In January 2005 DFID joined in with the existing pool of cost sharing donors. DTCE had two review processes one was the Internal Policy Review beginning June 2005, and an external Mid-Term Review beginning November 2005. DTCE program expansion was made in another 24 districts in December 2005 and in early 2006 bringing the total to 37 districts across the country.

In June 2007 DFID extended its support under the Improved Citizens Engagement through Devolution (ICED) program. The same year in November, due to National Elections a moratorium was placed on DTCE activities and the company’s operations remained at halt till July 2009. Unfortunately during this period DTCE also faced a tragic bomb blast causing severe damage to the DTCE office located opposite the Royal Danish Embassy.

In August 2009 DTCE resumed its operations and in addition to its regular program activities also expanded its program operations to Malakand Division of KP and Bordering districts of Baluchistan. DTCE is currently covering 45 districts, 141 Tehsils and 2230 Union Councils across the country.

In 2010, DTCE led a broad-based advocacy movement in support of the devolved local government system, bringing to bear its experience and knowledge in the sector, its linkages with civil society, government and citizenry, and its considerable media expertise and resources. As a direct result the 18th Amendment explicitly maintained the constitutional cover of local governments. DTCE also turned its attention to the nationwide floods, providing relief, rehabilitation and reconstruction services that would have been impossible for an organization without the outreach and experience that DTCE enjoys.

It is pertinent to mention here that DTCE had under gone with nine external audits and all the reports were clean. Apart from external audits different policy and program reviews have also been carried out by cost sharing donors including DFID and UNDP. The successful results of these reviews clearly depict the performance of DTCE.

Despite changes in government policies and regimes, national security risks, and diversity of working environments DTCE has been able to respond effectively to rapidly changing scenarios through its flexible networked approach that bridges the divide between government, elected representatives and community-based organizations.
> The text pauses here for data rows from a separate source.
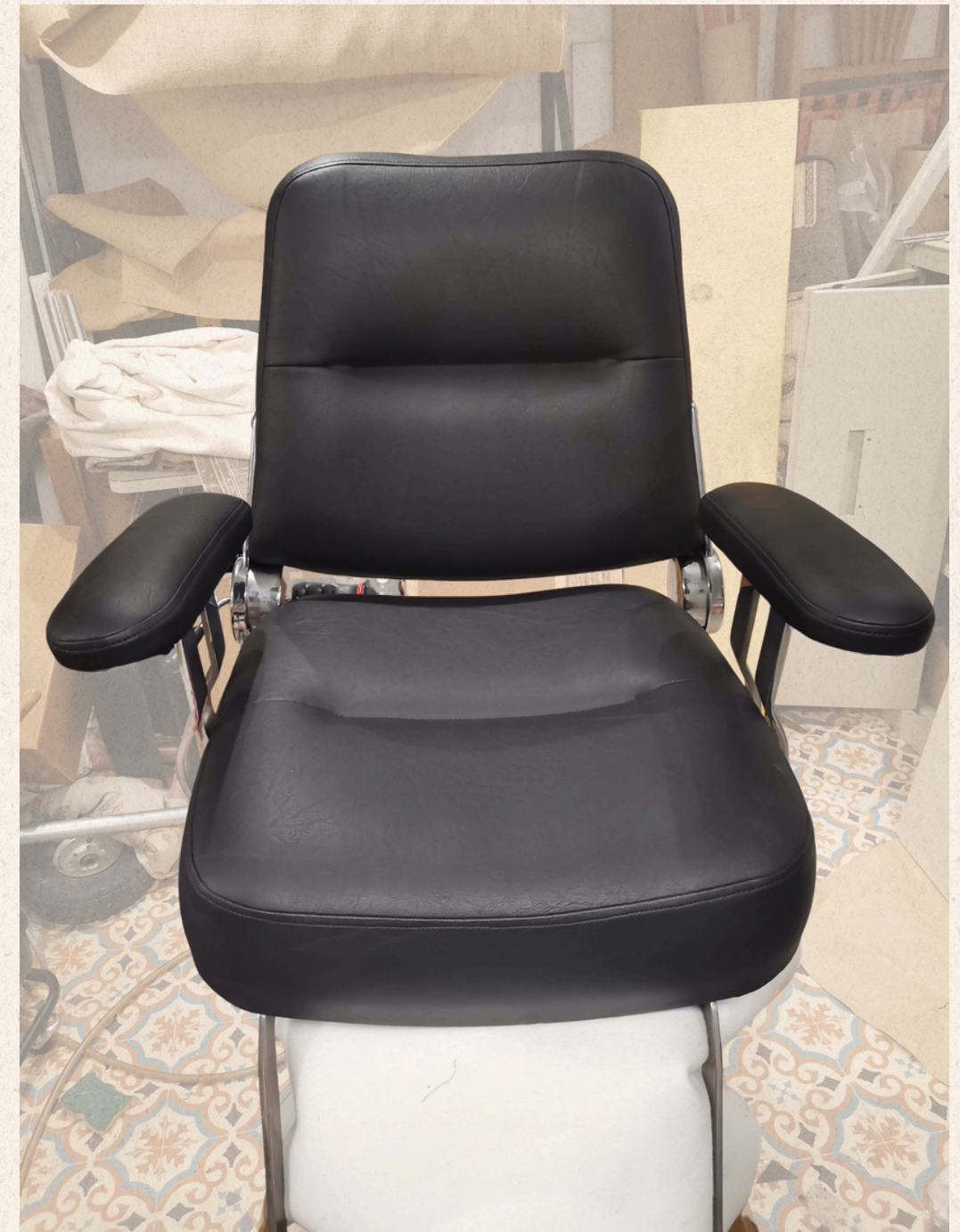
SIÈGE DE COIFFEUR RÉFECTION DE L'ASSISE EN MOUSSE. CHANGEMENT DE TOUTES LES HOUSSES EN SIMILI.
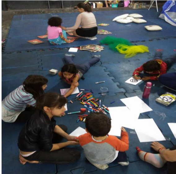
Figura 3 - Oficina de encadernação com crianças na Feira Anarquista de São Paulo, na 7ª edição/2016.
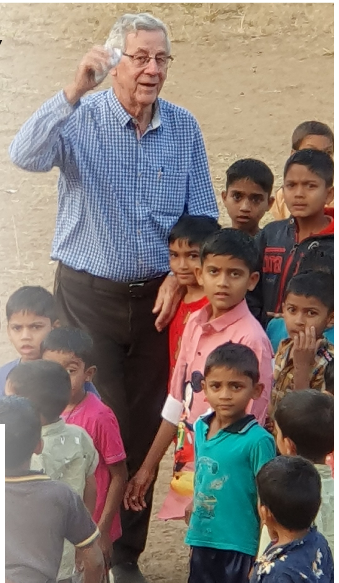
Als scheidsrechter tussen zijn jongens.

In Singlotti droomde father Castiella van een voetbalveld, dat hij inmiddels ook heeft aangelegd. Hij speelt nu scheidsrechter tijdens de matches van 'zijn' jongens. Nu droomt hij ervan een groot scherm te installeren, om hen te vergasten op films tijdens de lange weekends ver weg van huis.
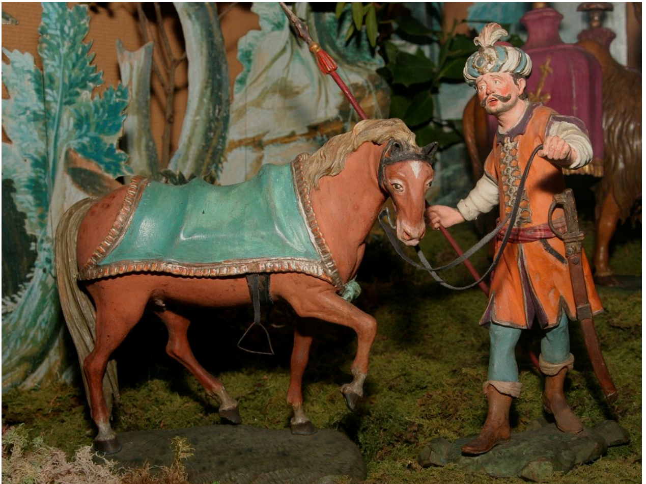
Einer der drei Rossknechte mit Fuchs

DTCE current implementation model is the result of extensive consultations with stakeholders and years of experience in the field. It comprises of eight program components, which are all mutually inclusive and attributed to the domains of local governance. The model has inbuilt flexibility to condition itself in accordance with any form of local governance aiming at the promotion of citizens engagement for improving service delivery, access to citizens entitlement, improving public accountability and many other subjects pertaining to local governance. Social Audit information in all districts is a key element of learning process as part of an ends-oriented evaluation of devolution, police, justice, health, educations, rights, service delivery, and corruption.

A comprehensive geographic information system (GIS) based monitoring and evaluation system managed by the Information, Monitoring and Evaluation (IM&E) Directorate is in place to review the program implementation at regular intervals. DTCE IME systems an inter-relational database and GIS application not only monitors progress in the field but also help create an organizational culture of information sharing and provides a source of knowledge to support the strategic and policy level decision making for future adaptation. MS Project based action planning is followed by all functional teams at the headquarters and field level to track individual progress and performance on real time basis, as well as to facilitate the decision making process at strategic management level.

All of the consultative and participatory mechanisms of DTCE allows for policy, systemic, and methodological differentiation in the territory and adaptations across time, as part of a learning, knowledge-based approach.